[ASSIGNED TASK]:
Find the line containing "I found this" in the material below, then please transcribe it and each line after it exactly, without the pictures.

[STORED DATA]:
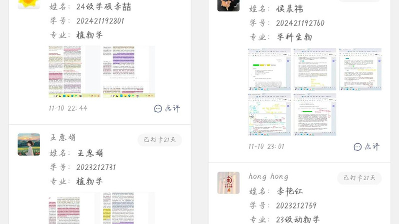本次活动内容丰富,分为必选与可选两大板块,必选项目紧贴研究生学术与生活实际,学术型研究生和生物与医药专业研究生需深耕文献,记录阅读心得;教育类研究生则以粉笔字为媒,记录每日进步。可选项目则涵盖英语、运动、阅读与朗诵,以21天为周期,通过连续打卡的方式鼓励研究生在自律的基础上,探索个人兴趣与潜能。这一活动不仅是对个人毅力与决心的考验,更是推动公司研究生教育质量全面提升、促进研究生学风建设的重要举措。
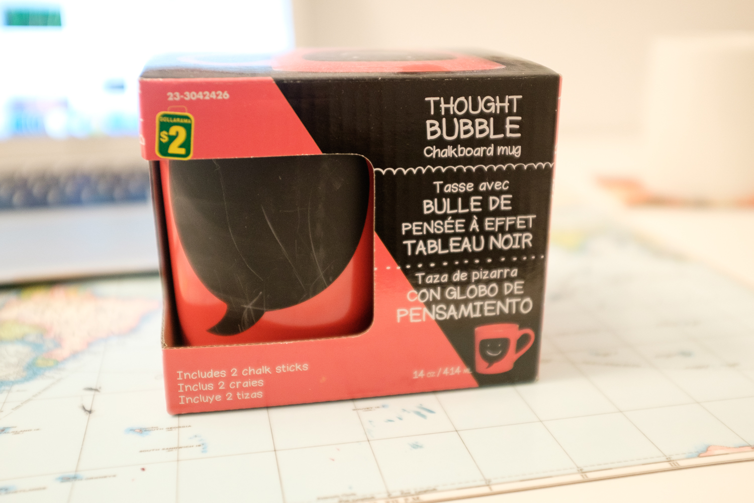 I found this adorable mug at Dollarama that has a mini chalkboard on it. For $2, it came with 2 white pieces of chalk that allowed me to write a message on my cup of joe.
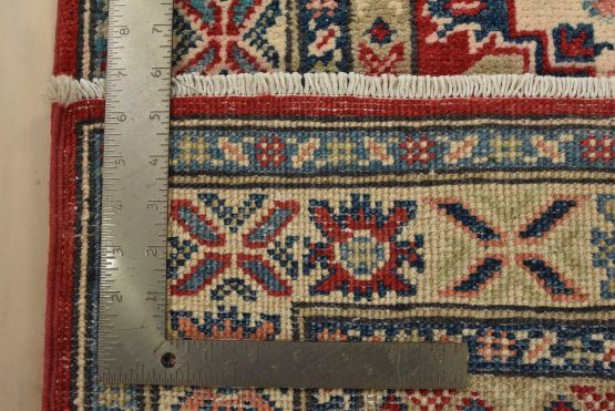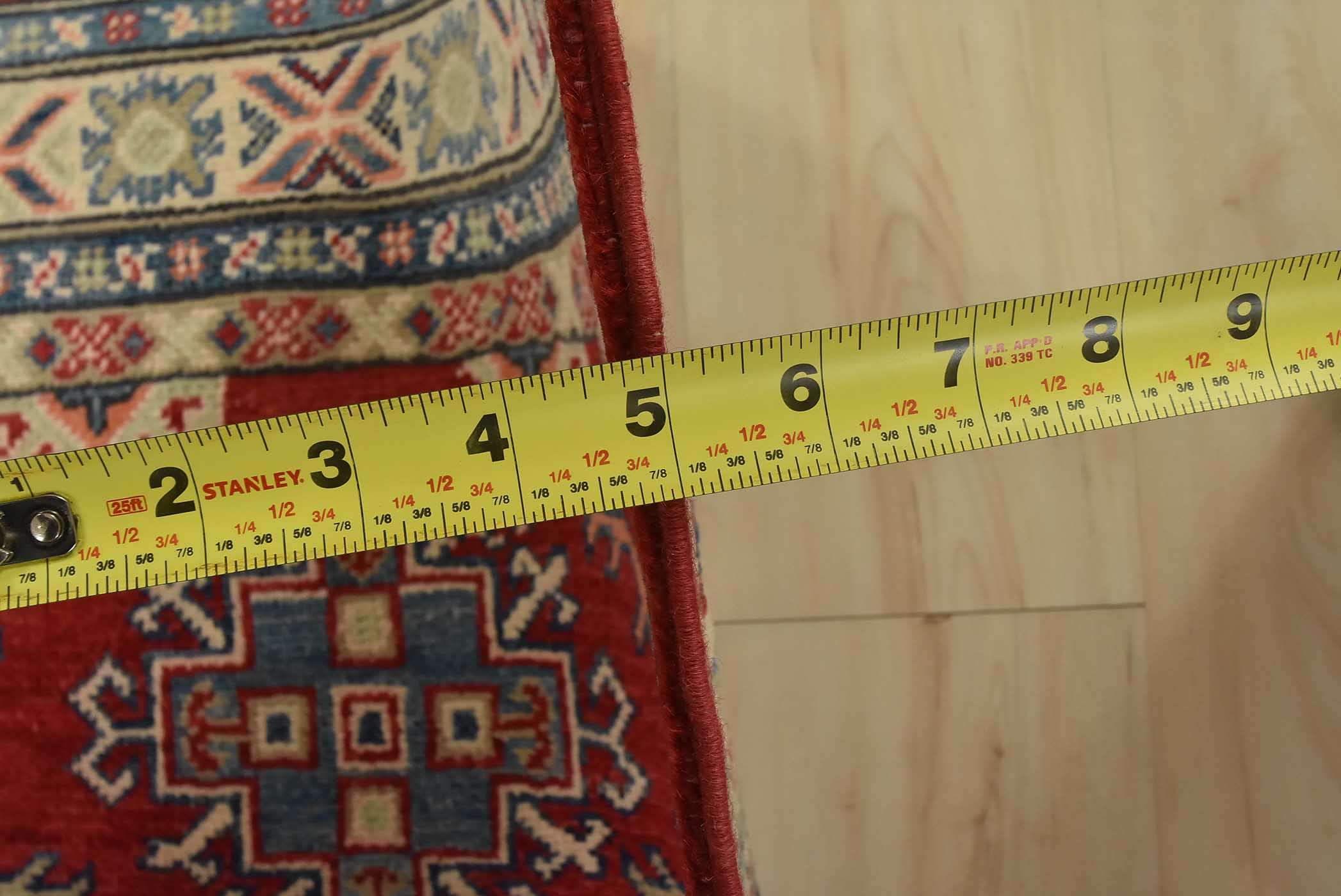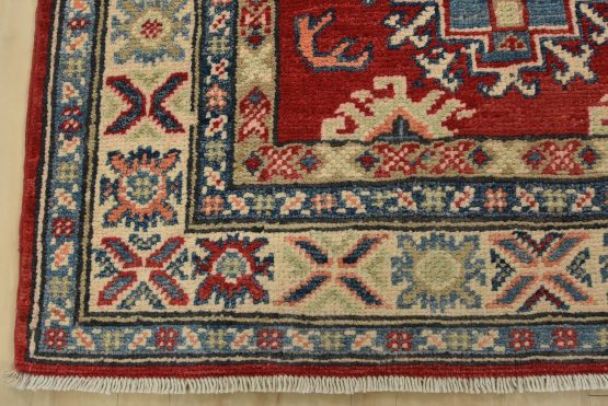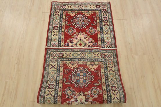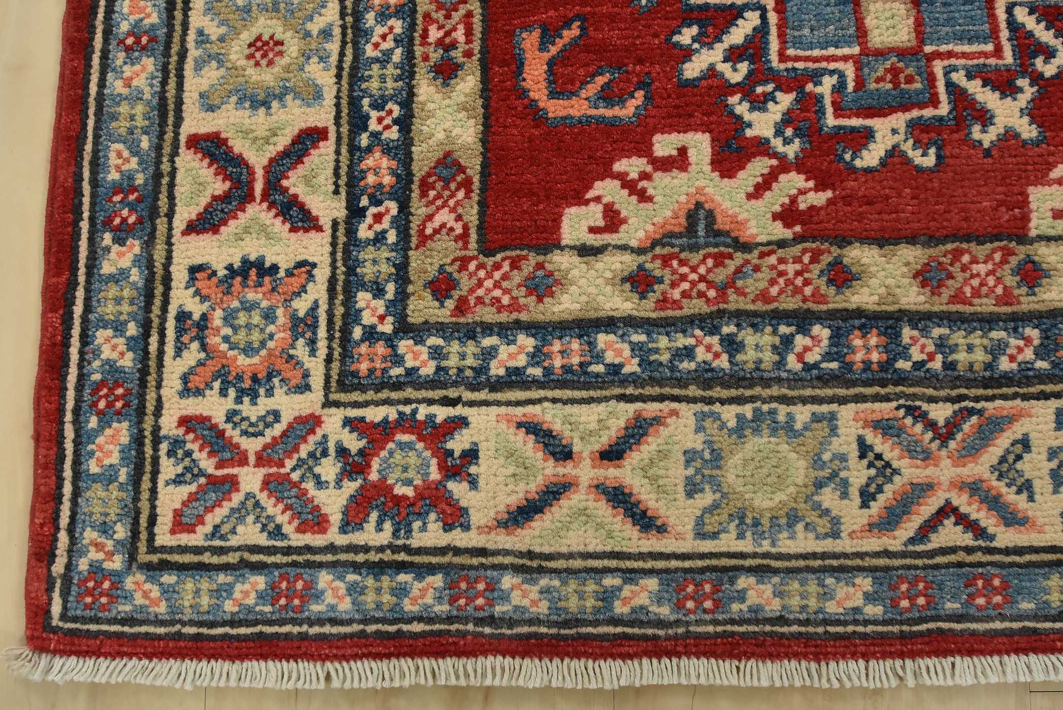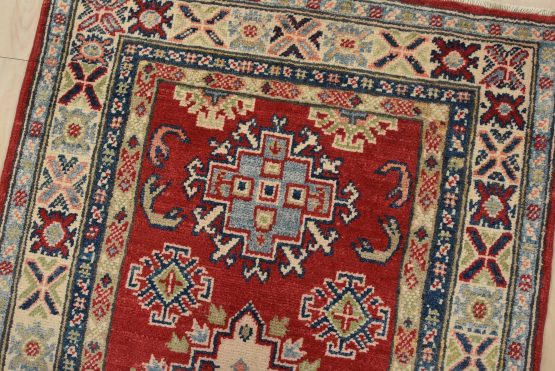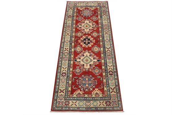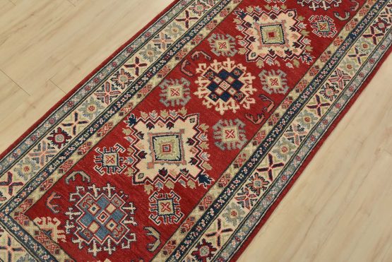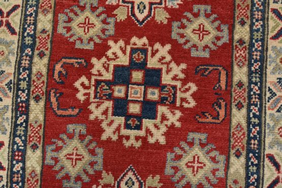 A tribal Caucasian Kazak runner hand-knotted with fine wool on a cotton foundation. This rug features geometric medallions surrounded by small geometric motifs set against a red background. It is new and in excellent condition.

[ANSWER SPACE]:
 I found this adorable mug at Dollarama that has a mini chalkboard on it. For $2, it came with 2 white pieces of chalk that allowed me to write a message on my cup of joe.
 A tribal Caucasian Kazak runner hand-knotted with fine wool on a cotton foundation. This rug features geometric medallions surrounded by small geometric motifs set against a red background. It is new and in excellent condition.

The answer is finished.